As manager of John F. Kerry’s cookie store, Sarah Leah Chase ’79 remembers slicing her hand while chopping a rock-hard, frozen slab of butter back in the days before either she or Kerry, now a Mass. senator and Democratic presidential candidate, were popular icons.
Chase—author of a bestselling cookbook—recalls seeking solace from the Vietnam vet and store owner, but Kerry merely shrugged his shoulders and said, “Oh, that’s nothing compared to what I saw in Vietnam.”
He even paraded her around the Faneuil Hall kitchen, accepting wagers on the number of stitches she would need, Chase says. Soon after the incident, Chase says she decided to leave Kerry’s store and go into business for herself.
Since then, Chase has forged an impeccable reputation for herself in the cooking industry, hobnobbing with household names such as Julia Childs, Jacques Pepin and Martha Stewart. She also opened and ran for 10 years a successful Nantucket food business and serves as culinary spokesperson for Butterball Turkey and Hellmann’s Mayonnaise.
Chase’s reputation in food circles derives from her first cookbook, The Silver Palate Good Times Cookbook, which she co-authored in 1984 and immediately hit The New York Times bestseller list. She has continued to write, penning an additional five cookbooks to date along with her first, which together have sold 1.5 million copies nationwide.
In these cookbooks and in her weekly food columns for The Nantucket Spectator, Chase prides herself on blending episodes from her life, such as her brief stint in Kerry’s bakery, with her passion for fine food, making her cookbooks a window into her world.
“I love writing about the outside stories behind the recipes.
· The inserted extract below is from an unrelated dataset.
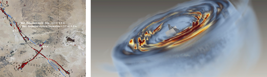 Environmental Visualization As data size increases in size and complexity, visualization must keep pace. Environmental visualization, in particular, often features multivariate, volumetric data, with multiple elements interacting over both time and space. The focus of this research thrust is to improve visualization of environmental simulation data, as shown in the examples above, to improve research in analysis and communication of environmental phenomena and earth systems processes. This work has extended over a multiplicity of subjects, including the Arctic, Antarctic, Gulf of Mexico, and wildfire in New Mexico. Click on the projects below to learn more about each individual section of work, and how we are working to improve visualization through innovative techniques anchored in the arts. PROJECTS Ice, Sediment and Earth’s History …. a collaboration with the TERMINUS scientists Benjamin Keisling and Ginny Catania, UTIG, UT Austin. Bridging a scientific exploration of Greenland’s past with an immersive multimedia content providing an entry point into the curiosities and complexities of our changing planet, TACC’s Visualization Lab displays a series of intertwining content from the collaboration on the Lab’s large monitor display. More content from this collaboration can be found here. The Arctic The Arctic environment is an increasingly intensive site of study for climate researchers across the globe. Rapid anthropogenic warming is causing the Arctic’s seasonal freezing to fluctuate, rapidly melting critical, carbon-sequestering permafrost, land ice, and sea ice. In order to better understand these processes and how the Arctic environment will continue to change in the near and far future, scientists are turning to high-fidelity, small-scale models of earth systems physics Antarctic As rapid climate change begins to affect the Earth’s polar regions, scientists are studying the intricacies of ocean, atmosphere, and polar ice to understand how increasing temperatures will affect sea level rise and coastal communities in the coming century. One area of particular interest for a team at Los Alamos National Laboratory (LANL) is Antarctica’s Filchner-Ronne Ice Shelf. Sub-projects within this project include modeling and visualizing Antarctic polynyas and water masses beneath the Filchner-Ronne Ice Shelf. Gulf of Mexico Biogeochemistry We work in close collaboration with climate modelers at Los Alamos National Laboratory on a number of projects. One such ongoing project studies the biogeochemistry of the Gulf of Mexico in order to determine where algal blooms have occurred in the past and may occur in the future as the climate rapidly shifts. 2019 Ridgecrest Earthquakes Scripps Oceanography seismologist Alice Gabriel, led a study focused on the relationship between the two big earthquakes of the July 4, 2019 Ridgecrest earthquake, a magnitude 6.4. earthquake which occurred along a multi-fault system in order to understanding the dynamics of multi-fault ruptures because these types of earthquakes are typically more powerful than those that occur on a single fault. For more details see: Dynamics, interactions and delays of the 2019 Ridgecrest rupture sequence published in Nature, DOI: 10.1038/s41586-023-05985. Wildfire Fire scientists at Los Alamos National Laboratory (LANL) and their partners have developed models that can help firefighters understand fire conditions, behaviors, and likely outcomes in terms of both risk and hazard in real time. These models are extremely complex, as they must amalgamate statistical, empirical, and physical information from numerous sources in order to provide accurate or close-to-accurate simulations of diverse types of wildfire in diverse scenarios and under a range of terrain and weather conditions. We are working with these scientists to develop better visualization methods for LANL’s FIRETEC model simulations. These visualization methods focus on allowing scientists to see many variables overlapping and occupying the same digital, three-dimensional space, and how they interact overtime. Sub-projects include both affective color and physicalization for LANL fire simulations. ASSOCIATED VIDEOS Cultivating Macroalgae for Biofuel Polynyas: Polar Physics Revealed through Visualization of the E3SM Global Climate Model Visualizing Ocean Biogeochemistry in the Gulf of Mexico Coupled E3SM Arctic: Ocean, Sea Ice and Air Interactions Extracting Palettes from Nature to Enrich Geoscience Visualizations SC 18: The First Water in the Universe Modeling Ocean Currents, Understanding Climate Change ASSOCIATED PUBLICATIONS Colormaps that improve perception of high-resolution ocean data Environmental Visualization: Moving Beyond the Rainbows Intuitive colormaps for environmental visualization Colormapping resources and strategies for organized intuitive environmental visualization

I write anecdotal recipes; I tell my life’s story through them,” Chase says. “It’s autobiographical.”
NEVER A BLAND GIRL
At each stage of her life, Chase acquired skills that she would later use to become a leader of the cooking profession. Her love of experimenting with recipes came first, followed by the development of her literary skills—necessary for success in her industry—at Harvard.
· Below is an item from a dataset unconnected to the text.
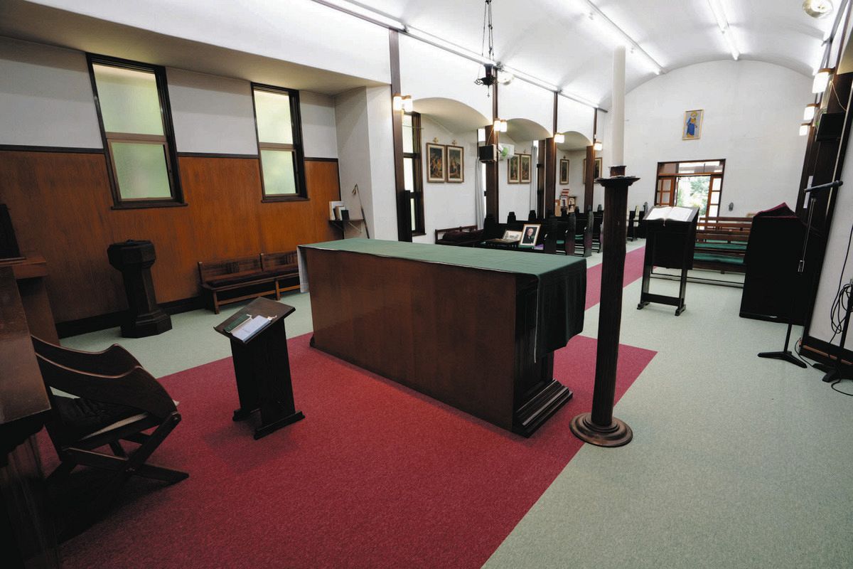 多磨全生園にある日本聖公会聖フランシス・聖エリザベツ礼拝堂の内部=東村山市で(木戸佑撮影)

“I see myself as part of a generation that was able to marry intellect with food, to take it from just being a vocation to something that is highly respected,” Chase says.
Chase’s first brush with gourmet cooking came at age 13, when she served as cook at the Nantucket home of her aunt and uncle. For several months, she furnished the family with three meals a day. She also catered their weekly dinner parties using ingredients that had been grown locally.
“I got used to buying swordfish meat from the local fish market, and fresh fruits, vegetables and flowers came from the back of a truck that was parked on the cobblestone street. I would take the meat and vegetables home, then help my uncle grill them on an outdoor grill,” she says. “My duties quickly spilled over into the kitchen.”
Like in these early years, Nantucket has guided much of her culinary career. While Chase says she has never attended cooking school, she learned to cook by relying on local fruits, vegetables and meats that are staples on Nantucket. Chase’s Nantucket Open House Cookbook, published in 1987, introduces hundreds of recipes of her creation, including curried lentil soup with chutney butter, parmesan lasagna and braised lamb shanks with bourbon-barbeque sauce.
Chase, self-acknowledged as one of the “new breed of chefs during the mega-trend ’80s,” admits in the introduction to one chapter of the cookbook, “I find the recipes...magnificent.”